_ABOUT THIS TASK:_
Starting with the line that has "Итак, распродажа уже" in the records below and ending with the line that has "12月6日,羊群在雪后的阿柔草原上活動(無人機照片)。新華社記者 張宏祥 攝", output those lines exactly and nothing more; omit the pictures.

-=-=-=-=-

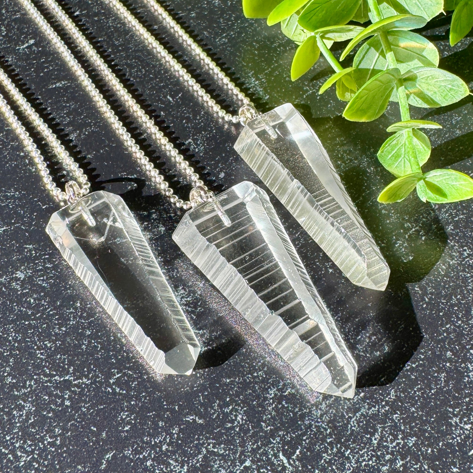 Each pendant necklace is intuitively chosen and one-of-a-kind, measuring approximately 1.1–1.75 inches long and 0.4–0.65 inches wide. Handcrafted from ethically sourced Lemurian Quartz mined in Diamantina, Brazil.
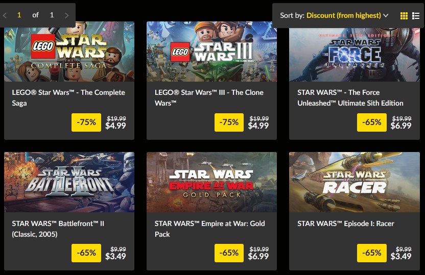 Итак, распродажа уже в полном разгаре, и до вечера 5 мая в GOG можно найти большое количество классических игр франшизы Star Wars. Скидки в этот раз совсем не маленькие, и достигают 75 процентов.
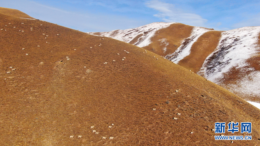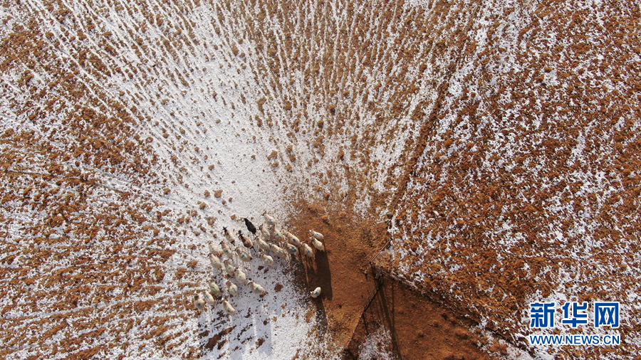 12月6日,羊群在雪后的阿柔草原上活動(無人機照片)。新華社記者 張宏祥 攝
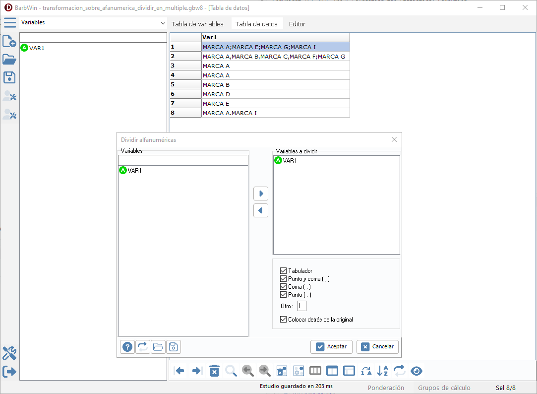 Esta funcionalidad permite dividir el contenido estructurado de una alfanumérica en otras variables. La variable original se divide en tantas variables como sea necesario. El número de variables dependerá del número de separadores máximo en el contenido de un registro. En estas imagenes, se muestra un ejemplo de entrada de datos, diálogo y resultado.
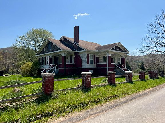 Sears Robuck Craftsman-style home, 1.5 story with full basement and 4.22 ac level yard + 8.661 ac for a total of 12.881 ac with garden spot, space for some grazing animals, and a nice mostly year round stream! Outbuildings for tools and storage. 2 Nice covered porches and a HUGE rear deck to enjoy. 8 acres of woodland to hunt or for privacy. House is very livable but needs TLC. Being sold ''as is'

-=-=-=-=-

_WRITTEN RESPONSE:_
 Итак, распродажа уже в полном разгаре, и до вечера 5 мая в GOG можно найти большое количество классических игр франшизы Star Wars. Скидки в этот раз совсем не маленькие, и достигают 75 процентов.
 12月6日,羊群在雪后的阿柔草原上活動(無人機照片)。新華社記者 張宏祥 攝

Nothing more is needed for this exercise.